Richard Lanham and James O'Donnell

from: James O'Donnell

Where's the News?

Posted Monday, April 16, 2001, at 12:46 PM ET

Yo, Dick, so where's the news?

I just came back from a conference in Algeria, and I'm still disoriented. It was scary enough because they've had a low-grade civil war for almost a decade, in a lull just now but with regular reports of massacres in the countryside. But it's also a fascinating post-colonial place, Muslim and French at the same time, warmly welcoming to visitors with CNN in all the hotel rooms and pictures of Islamic martyrs on billboards at the entrance to towns. I've never found an American news source that really cared about getting inside that world for me.

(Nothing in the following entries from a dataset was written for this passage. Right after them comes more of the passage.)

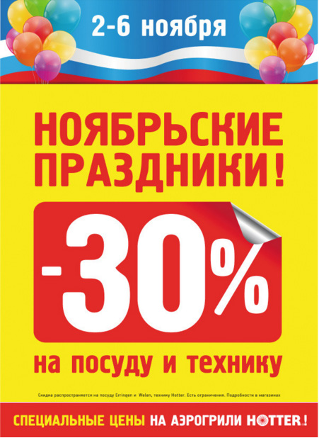 В магазинах "Семь Холмов - Предметы кухни" со 2 по 6 ноября действует акция. На посуду и технику покупателям предоставляется скидка в размере 30%.
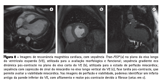 Nos últimos anos, a RM cardíaca evoluiu de uma ferramenta de pesquisa científica para um método de imagem com aplicação clínica que é seguro, eficaz e com boa relação custo-benefício. A RM cardíaca pode ser realizada em diferentes modalidades de acordo com a indicação clínica, incluindo estudos morfológicos, funcionais, perfusionais e de viabilidade miocárdica. O método fornece detalhes anatômicos nas cardiopatias congênitas, na pesquisa da displasia arritmogênica do ventrículo direito e na avaliação de massas cardíacas, diferenciando, por exemplo, trombos de lesões neoplásicas. É o método mais preciso para a quantificação de massa, volume e função dos ventrículos direito e esquerdo. Devido a sua excelente reprodutibilidade, a RM é ótima na avaliação da resposta terapêutica sobre a função ventricular. A perfusão miocárdica com a primeira passagem do meio de contraste paramagnético se tornou uma alternativa eficiente à cintilografia na detecção de doença aterosclerótica coronariana, podendo ser realizada em repouso ou utilizando o estresse farmacológico. As imagens de realce tardio pós-contraste são utilizadas para a identificação de áreas de fibrose em miocárdio inviável após o infarto (Figura 8), sendo também um método robusto no estudo de outras miocardiopatias não isquêmicas, tais como miocardiopatia dilatada, miocardiopatia hipertrófica, sarcoidose e miocardite.(59)
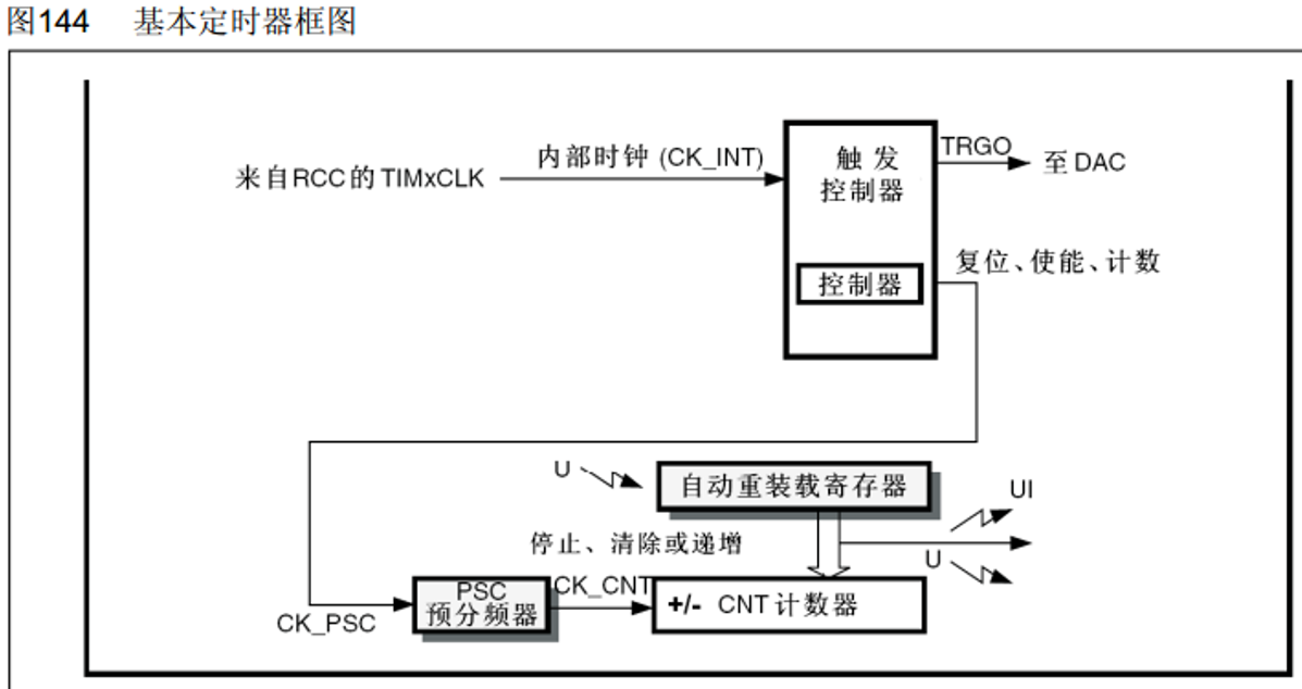 可以这么理解,定时器通过选择内部时钟(72MHz),经过一个触发控制器,再经过PSC预分频器得到CK_CNT,每多少频率记一次数,当达到自动重装载寄存器(ARR)的值时,就可以触发一个中断或者一个事件。但是基本定时器不具备输入捕获和输出比较等功能。
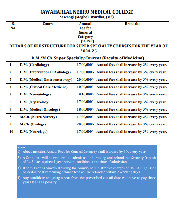 JNMC offers a total of 1 seats for M.D Neonatology. Admissions are offered based on NEET-SS. Check JNMC Admission 2025
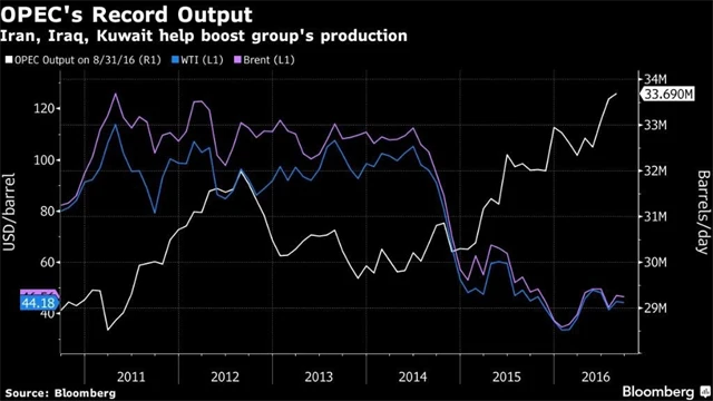 Problémy jsou ale také na straně nabídky, kde se země sdružení OPEC nemohou dohodnout na omezení těžby ropy. V tomto směru je nejvíce problematický Írán, který chce nejprve dostat svou produkci na úroveň před sankcemi, a až pak je ochoten podpořit snahy OPEC a ostatních ropných velmocí o stabilizaci trhu. Produkce OPEC se tak na konci srpna dostala na dlouhodobá maxima, protože jednotlivé země se nechtějí vzdát svého tržního podílu.
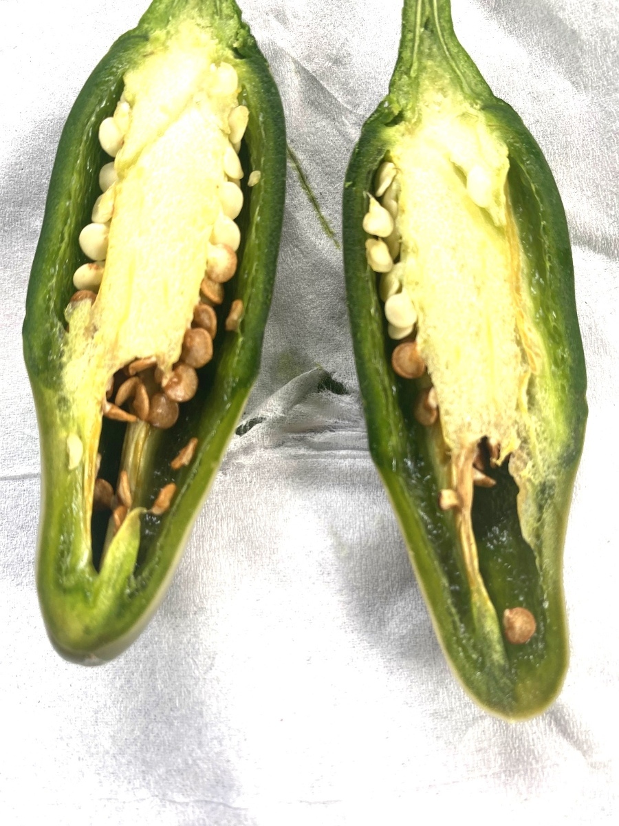 Ahoj, díky za reakce. Rostlina je venku v květináči, přesný druh neznám, dostal jsem pár sazenic. Celkově rostlina vypadá naprosto zdravě, listy nemají žádné známky napadení nebo nedostatku živin. Hnojím střídavě hoštickými slepičinci a Kristalonem Gold, vše v zálivce. Konzistence - čím dále od stopky, tim měkčí, houbovitější, v řezu snad také nic neobvyklého, až na barvu semínek, ta se mi zdá podezřelá, ale jsem začátečník, tak nevím ... Určitě zkusím doplnit vápník.
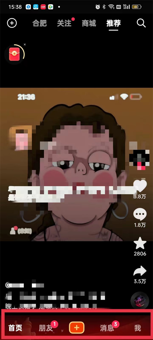 由于国庆的到来,同时也是为了喜迎第二十次全国代表大会的召开,抖音系统更新了新的版本,自动更新的新皮肤,所有用户的底部导航栏变成了红色背景,同时+号按钮也做了鲜艳的红色标识。
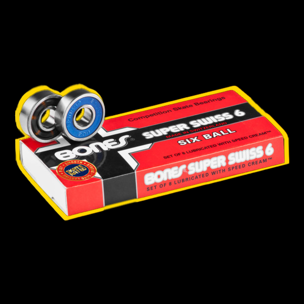 Os rolamentos de skate Bones Super Swiss 6 são uma versão melhorada dos clássicos Bones Swiss. A principal diferença entre os dois é que os rolamentos Super Swiss 6 têm seis esferas grandes em vez das sete clássicas.
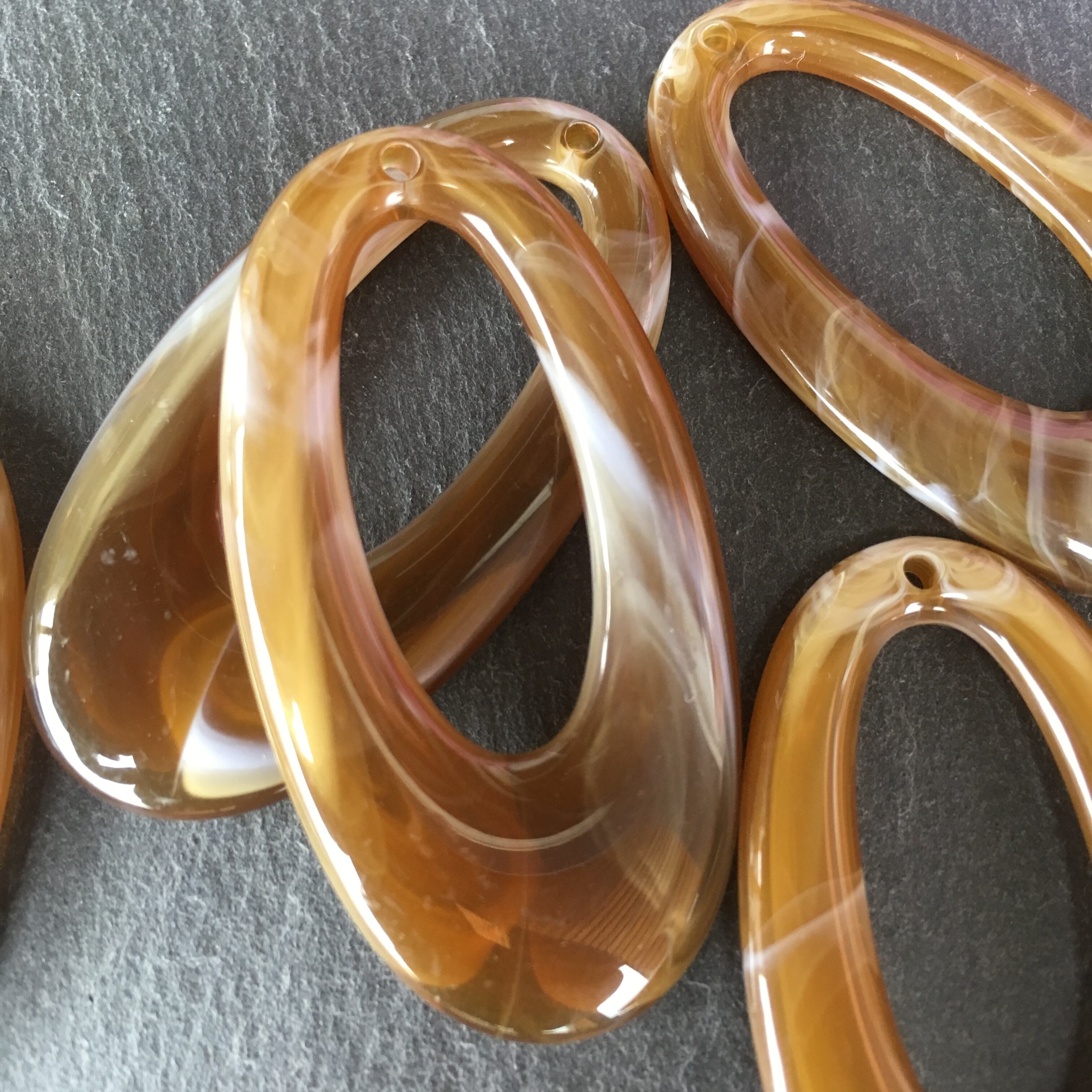 マーブルデザインのオーバルビーズ
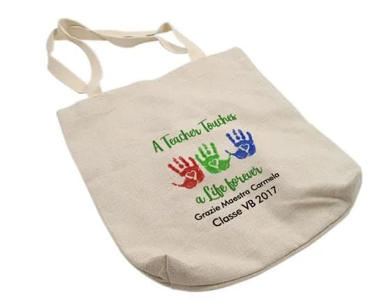 Testo recensione: "La borsa di juta è molto resistente, adatta a trasportare i libri di una insegnante come me. Il disegno stampato è molto bello, i colori vivi e definiti. La spedizione è stata puntuale, l'imballaggio perfetto. Prodotto consigliato."
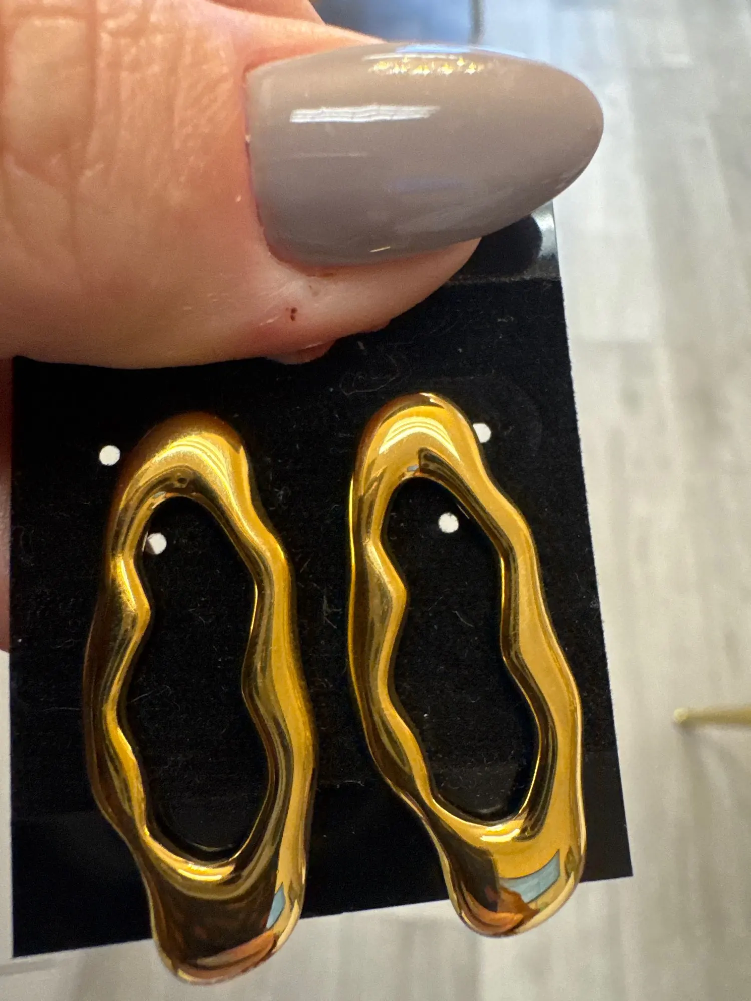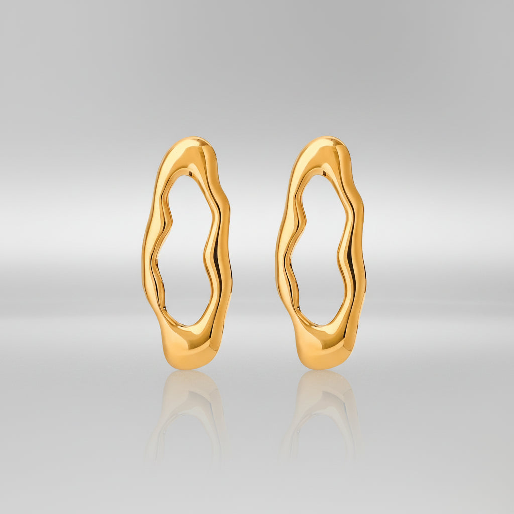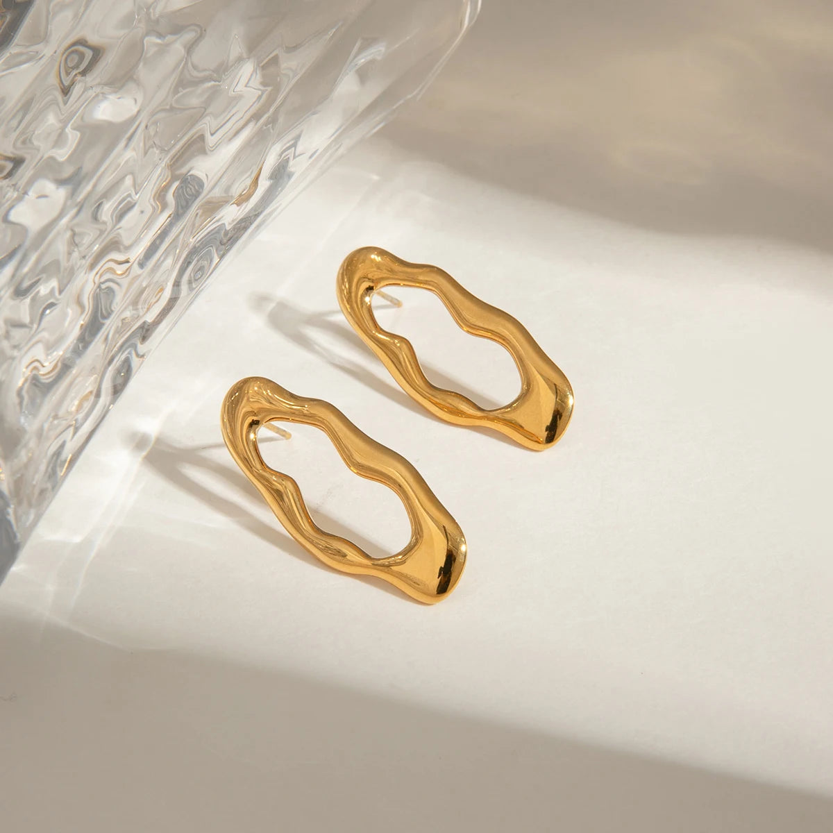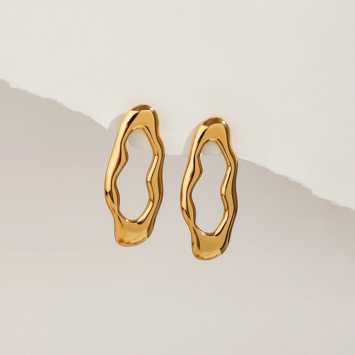 Com design oval irregular e acabamento vazado, esses brincos trazem um visual moderno e minimalista que combina com qualquer estilo.

So I get up this morning, and I start to trawl the Web: Power to the Web surfer, I say; let's find out what's happening out there. So where do I go? Well, there's a hundred Web sites (start with Yahoo!) that'll give me the same consensus superficial news that the morning TV shows will: Skip that. But if I do that, do I have to become my own news editor? Swoosh past the New York Times, skip over to the Frankfurter Allgemeine, check out Central Europe Review, tune into my newsgroups that have wire service reports from around the world to see what headlines there are from the Middle East, from North Africa, from Indochina (those are the places I have preselected in my newsreader), then maybe slow down with Arts & Letters Daily? I can burn off a cheerful half-hour doing that until the morning e-mail starts to chug in and bring me back down to earth.

So what do I know then? I know more about the stuff a middle-aged prosperous white guy wants to know more about. But how do I find the Sudanese news editor I can trust to shape a portrait of the world for me in the morning? If I found one, he'd probably work for Rupert Murdoch, and I wouldn't be much further ahead. I think I'm back to taking responsibility for my own choices.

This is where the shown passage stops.